A suggested update to the International Astronomical Union criteria would add over 100 planets to the solar system

Pluto Charon
Pluto and its moon Charon NASA/JHUAPL/SwRI

Anyone fuming over Pluto’s demotion from full-fledged planet to dwarf planet in 2006 will be happy to hear that there is still hope. Pro-Plutonians recently suggested a new definition of a planet that would add the celestial sphere back to the solar system’s list of heavy hitters. The only catch? It also reclassifies Earth’s moon and 100 other bodies orbiting the sun as planets as well.

The reason Pluto was given the cold shoulder was because it did not fulfill one of the three criteria set by the International Astronomical Union that define a full-fledged planet. The first two criteria—that it orbit around the sun and have sufficient mass to have a round shape—Pluto passed with flying colors. But it failed the housekeeping test—after millions of years, its gravity had not “cleared its neighborhood,” or become the gravitationally dominant object in its orbit, since Pluto shares its neighborhood with several “plutinos” that are affected by the gravity of Neptune.
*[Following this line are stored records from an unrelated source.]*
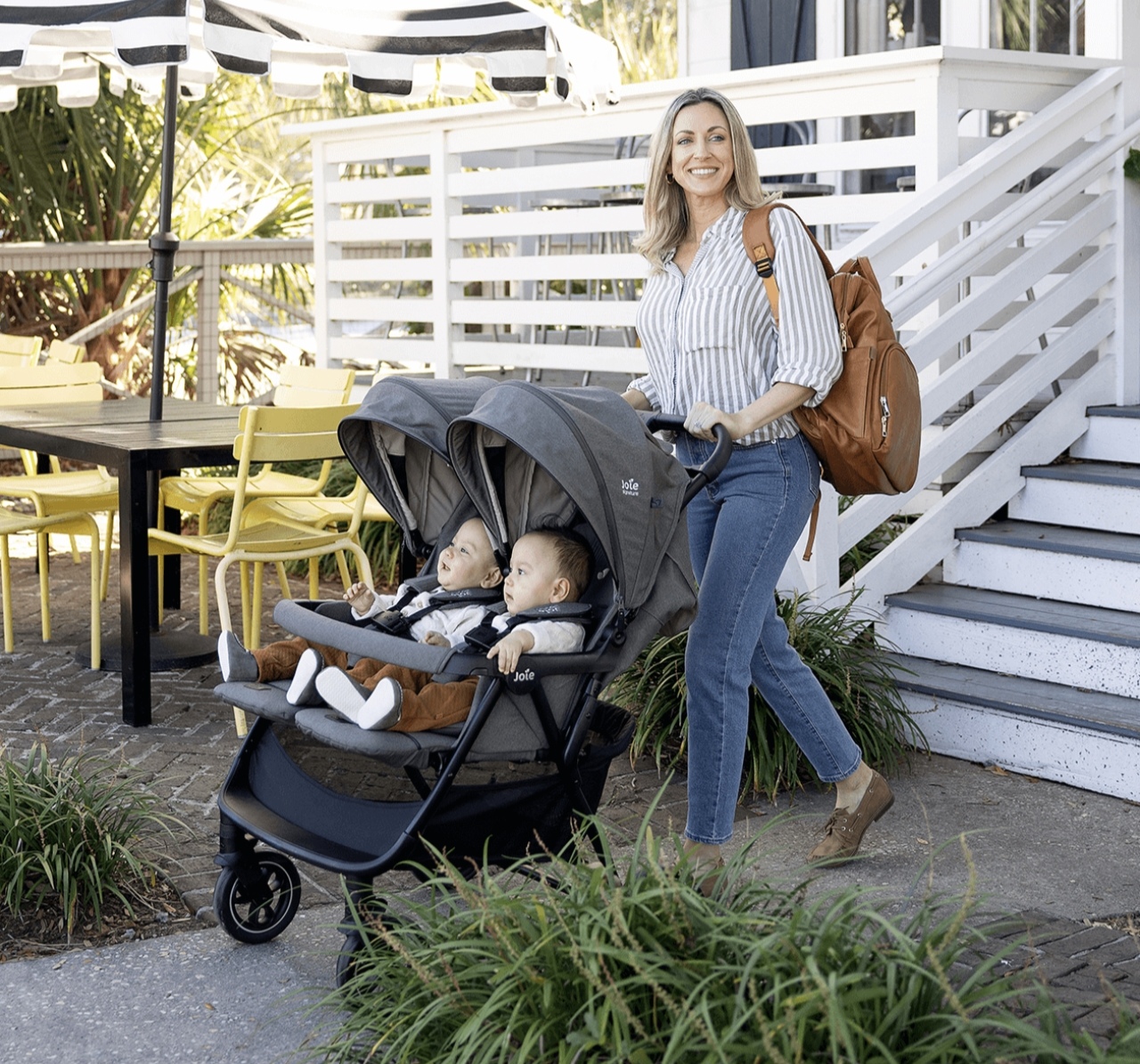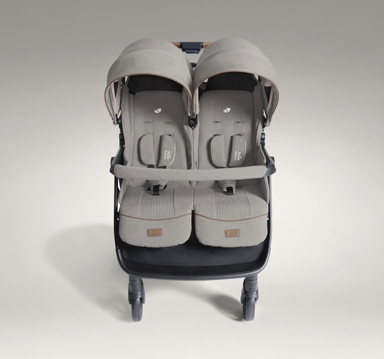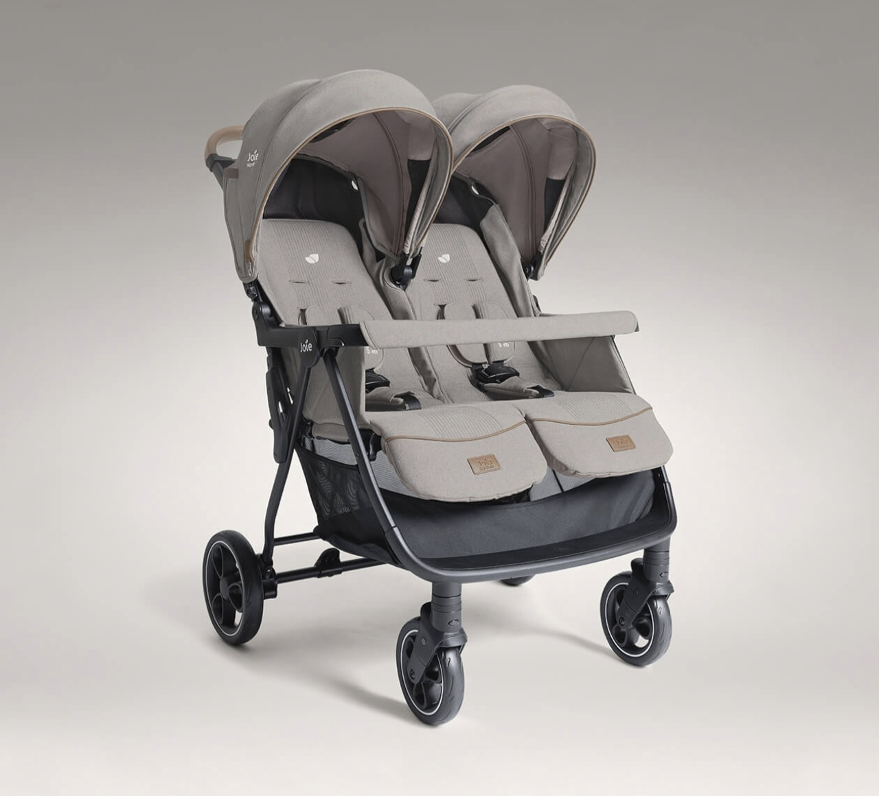 Прогулочная коляска для двойни Joie Estrella - легкая и компактная коляска для двоих детей с рождения до  22 кг (на каждое сидение). Идеальное решение для прогулок, путешествий, поездок на общественном транспорте или машине. Коляска складывается одной рукой и очень компактная. Вес коляски всего 12 кг, а ширина шасси коляски всего 72,5 см.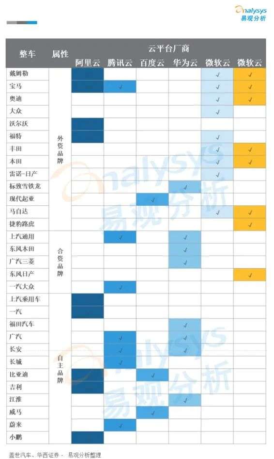 随着汽车产业智能化快速推进,云计算开始占据汽车产业链重要位置。明显的趋势是每一个传统车企都背靠着一家云计算巨头,具体来看,外资车企主要采用微软云和AWS,本土及合资品牌主要采用本土云像阿里云、百度云、腾讯云以及华为云等传统云计算厂商。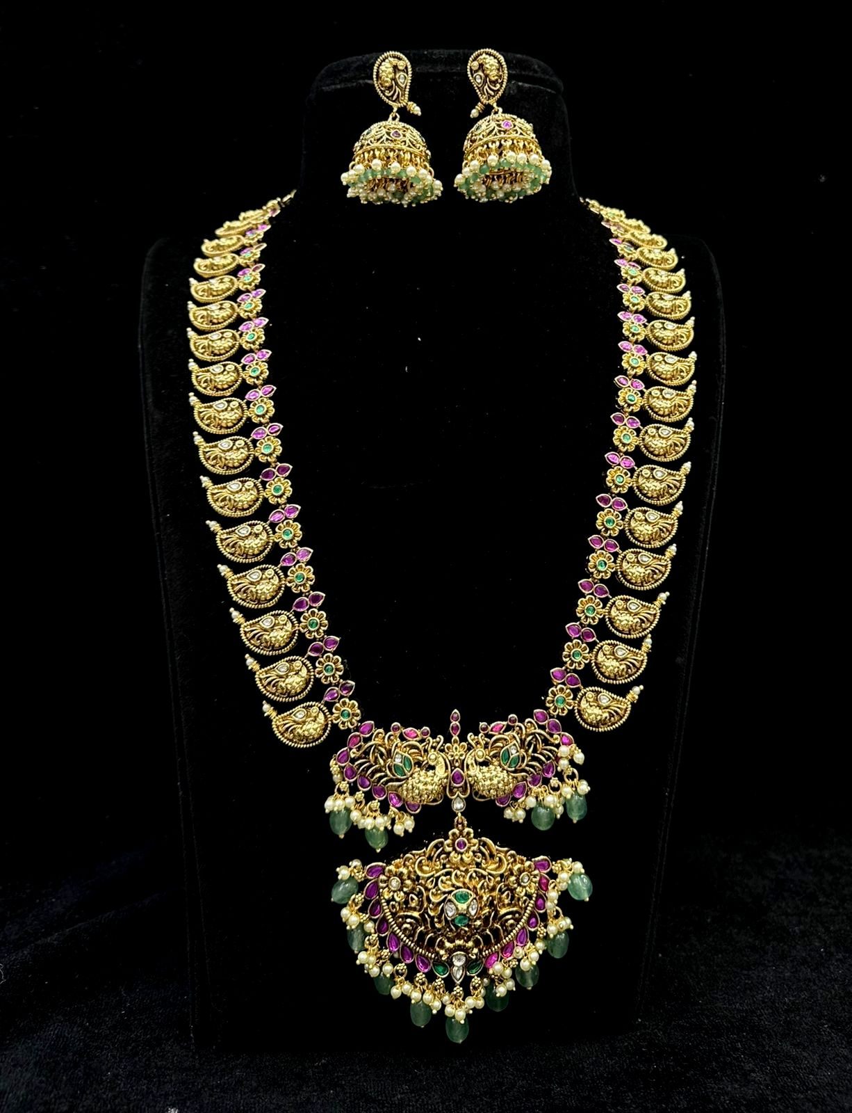 Introducing GUTTAPUSAL's latest hot seller, the Guttapusalu 026 EMERALD Long necklace. Adorned with exquisite Nakshi work and a premium quality mango design, this necklace boasts a stunning Nakshi Jhumka for a touch of true elegance. Perfect for those seeking a luxurious, Jadau look.

Alan Stern, the principal investigator of the New Horizons mission to Pluto, and his colleagues argue in a paper, published in the journal Lunar and Planetary Science, that the definition should be changed. They suggest this mouthful: “A planet is a sub-stellar mass body that has never undergone nuclear fusion and that has sufficient self-gravitation to assume a spheroidal shape adequately described by a triaxial ellipsoid regardless of its orbital parameters.”

They write that this simplifies more or less into a grade-school-friendly definition of  “round objects in space that are smaller than stars.”
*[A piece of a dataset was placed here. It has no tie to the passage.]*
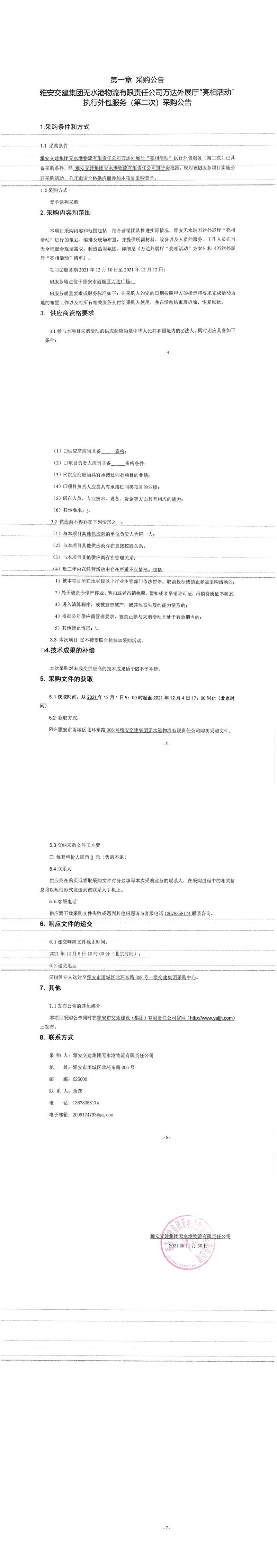 雅安交建集團(tuán)無水港物流有限責(zé)任公司萬達(dá)外展廳“亮相活動”執(zhí)行外包服務(wù)(第二次)采購公告
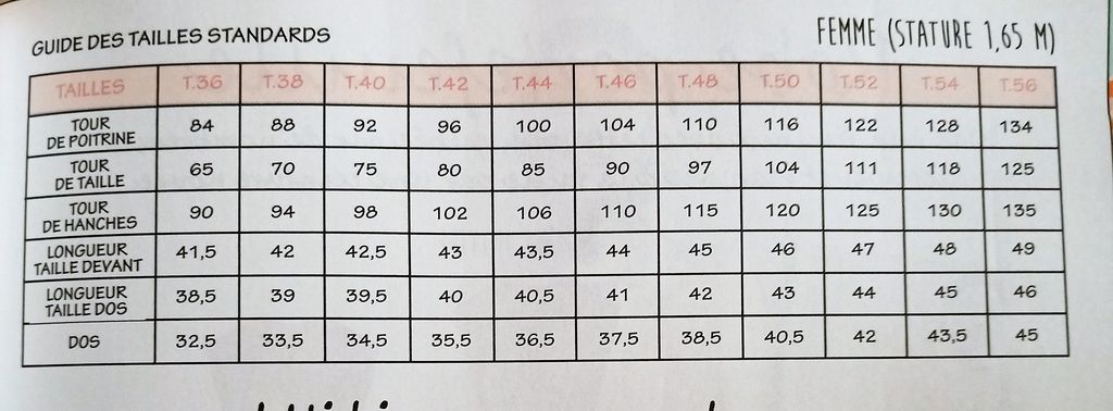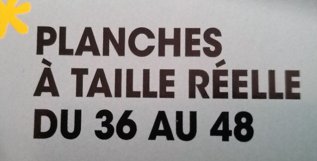 Vous allez me dire des planches à tailles réelles, c’est normal! Pourquoi se sentir obligé de l’indiquer sur la couverture, c’est quelque chose que je ne comprends pas. Cependant tous les patrons vont du 36 au 48. Dommage que les tailles n’aillent pas au delà du 48.

Science Alert reports that the astronomers aren’t just plumping for Pluto, but level three main criticisms at the current definition of a planet. First, the current definition only applies to objects in our solar system, meaning that technically, any of the many exoplanets, including the seven Earth-sized planets circling the star TRAPPIST-1 announced last week, aren’t technically planets since they don’t orbit our sun.

Second, they argue that none of the planets in the solar system actually satisfy the “neighborhood clearing” criteria since every planet, including Earth, has many objects like trojans, quasi-satellites and mini-moons that are popping in and out of planetary orbits all the time.
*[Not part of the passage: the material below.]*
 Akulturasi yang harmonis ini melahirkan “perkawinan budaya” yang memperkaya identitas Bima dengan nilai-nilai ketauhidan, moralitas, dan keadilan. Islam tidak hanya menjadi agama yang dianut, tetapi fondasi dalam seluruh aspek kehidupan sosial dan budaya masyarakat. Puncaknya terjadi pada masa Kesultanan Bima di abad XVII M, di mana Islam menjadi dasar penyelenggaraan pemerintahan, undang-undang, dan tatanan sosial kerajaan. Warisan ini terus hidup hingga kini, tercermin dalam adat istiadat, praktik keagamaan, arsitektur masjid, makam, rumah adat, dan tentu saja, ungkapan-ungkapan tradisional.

And the last argument is that the current definition of a planet does not ever define the neighborhood or zone that a planet’s gravity is expected to clear, meaning the dividing line between planets and non-planetary objects is arbitrary.

For Stern and his colleagues, there is also a public-relations element to the redefinition. Between the time the New Horizons probe launched in January 2006 and the time it reached Pluto in July 2015, the sphere went from being a planet to a dwarf planet. “In the decade following the supposed 'demotion' of Pluto by the International Astronomical Union (IAU), many members of the public, in our experience, assume that alleged 'non-planets' cease to be interesting enough to warrant scientific exploration, though the IAU did not intend this consequence,” the team writes in their paper. “To wit: a common question we receive is, 'Why did you send New Horizons to Pluto if it’s not a planet anymore.'”

Calling something "planet," they argue, gives it a little extra status when it comes to exploration.

There is no word on whether the IAU has any plans to reassess its definition of a planet, but there seems to be scientific and public interest in hashing out the issue. In 2014, a debate at the Harvard-Smithsonian Center for Astrophysics about Pluto stirred up the controversy once more, with the audience of academics and astrogeeks voting that Pluto is a planet based on their preferred definition that “A planet is the smallest spherical lump of matter that formed around stars or stellar remnants.”

There hasn't been much debate on whether the moon should get an upgrade as well. Stephen Pumfrey, a historian at Lancaster University, writes at The Conversation that Greek and medieval astronomers considered the moon a planet. It wasn’t until Copernicus pointed out that the moon orbits the Earth and not the sun that it became simply a satellite. Reclassifying the moon as a planet, he writes, would take astronomy full circle.

If the definition does change and Pluto resumes its spot in the celestial lineup, it may have to find a different nickname other than the Ninth Planet. Astronomers are hopeful they will soon discover another planet orbiting the Sun beyond Pluto tentatively called Planet 9.